Purpose We sought to describe the association between serum chloride levels and mortality among unselected cardiac intensive care unit (CICU) patients. Materials and methods We retrospectively reviewed adult patients admitted to our CICU from 2007 to 2015. The association of dyschloremia and hospital mortality was assessed in a multiple variable model including additional confounders, and the association of dyschloremia and post-discharge mortality were assessed using Cox proportional-hazards analysis. Results 9,426 patients with a mean age of 67±15 years (37% females) were included. Admission hypochloremia was present in 1,384 (15%) patients, and hyperchloremia was present in 1,606 (17%) patients. There was a U-shaped relationship between admission chloride and unadjusted hospital mortality, with increased hospital mortality among patients with hypochloremia (unadjusted OR 3.0, 95% CI 2.5–3.6, p<0.001) or hyperchloremia (unadjusted OR 1.9, 95% CI 1.6–2.3, p<0.001).

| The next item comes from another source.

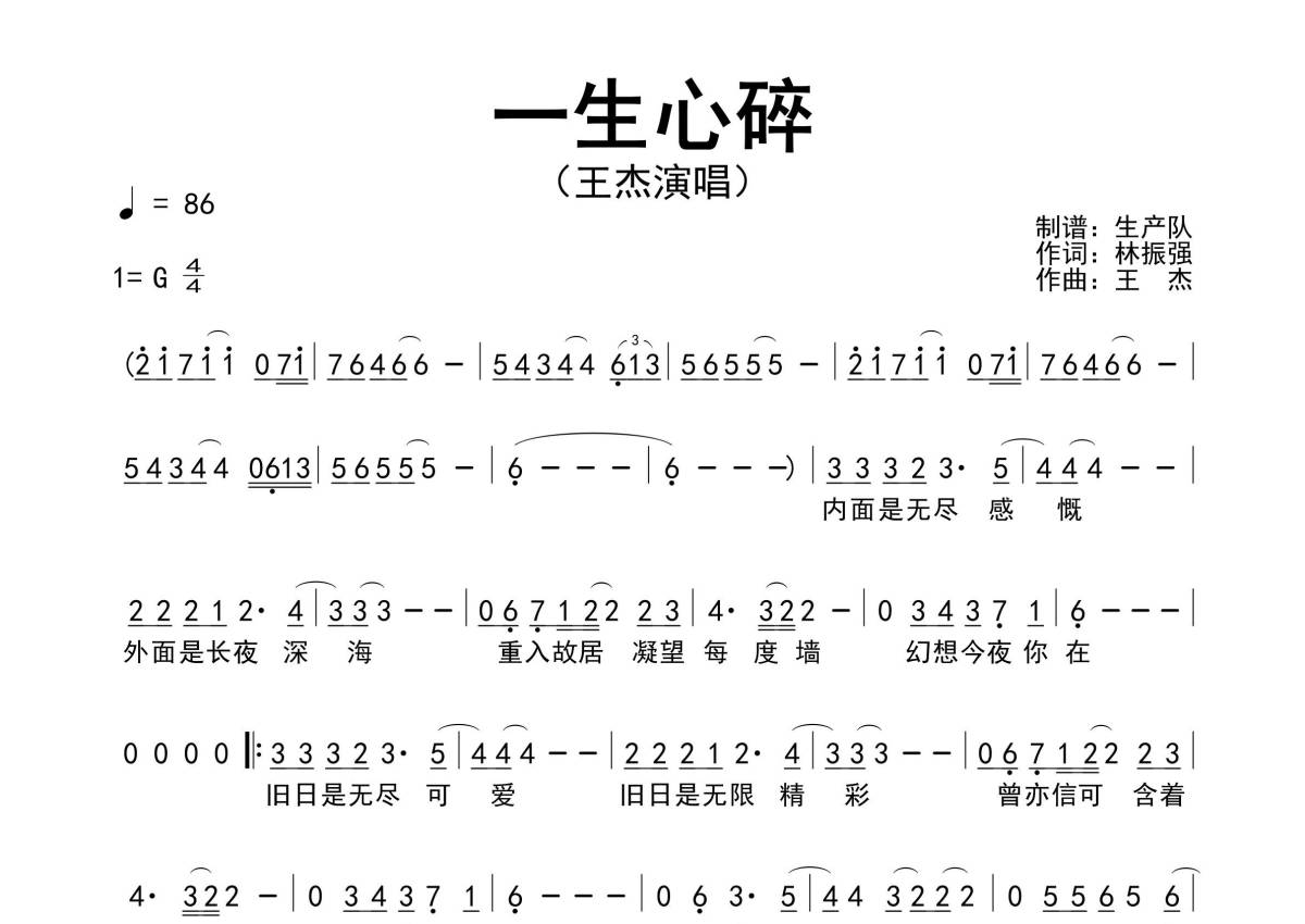 《一生心碎》是王杰演唱的一首歌曲,原版简谱,拍号为4/4拍,歌曲速度为每分钟86拍,这份简谱共有一张高清图谱,图谱由 @生产队 编配上传王杰唱的经典歌曲《一生心碎》原版简谱。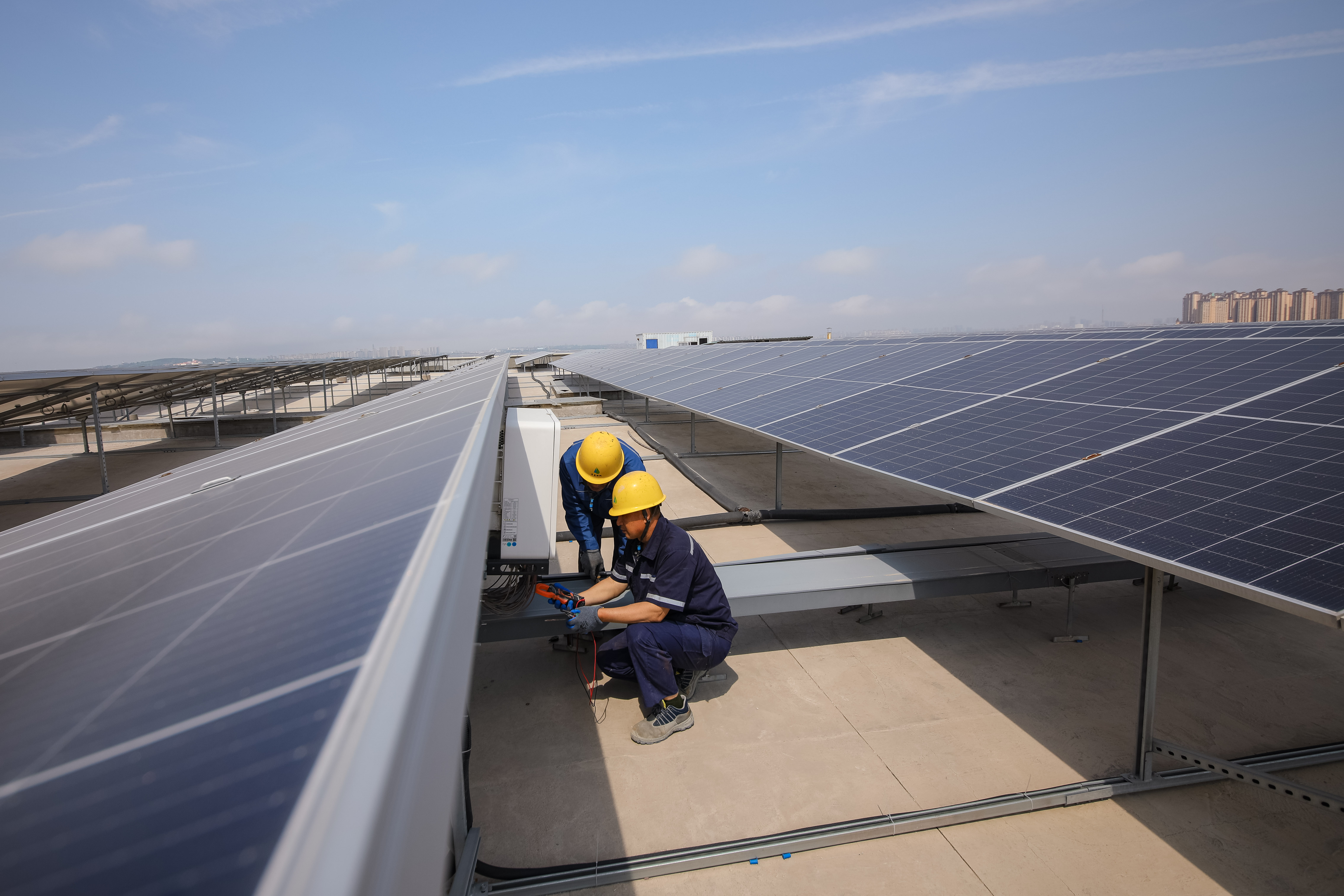 5月22日,在位于山東省青島市李滄區的青島綠帆零碳產業園屋頂光伏電站,工作人員對光伏設備進行巡視檢查維護,確保發電設備穩發滿發。

After multivariate adjustment, hypochloremia remained associated with higher hospital mortality (adjusted OR 2.1, 95% CI 1.6–2.9, p <0.001). Post-discharge mortality among hospital survivors was higher among patients with admission hypochloremia (adjusted HR 1.3, 95% CI 1.1–1.6; p<0.001). Conclusion Abnormal serum chloride on admission to the CICU is associated with increased short- and long-term mortality, with hypochloremia being a strong independent predictor.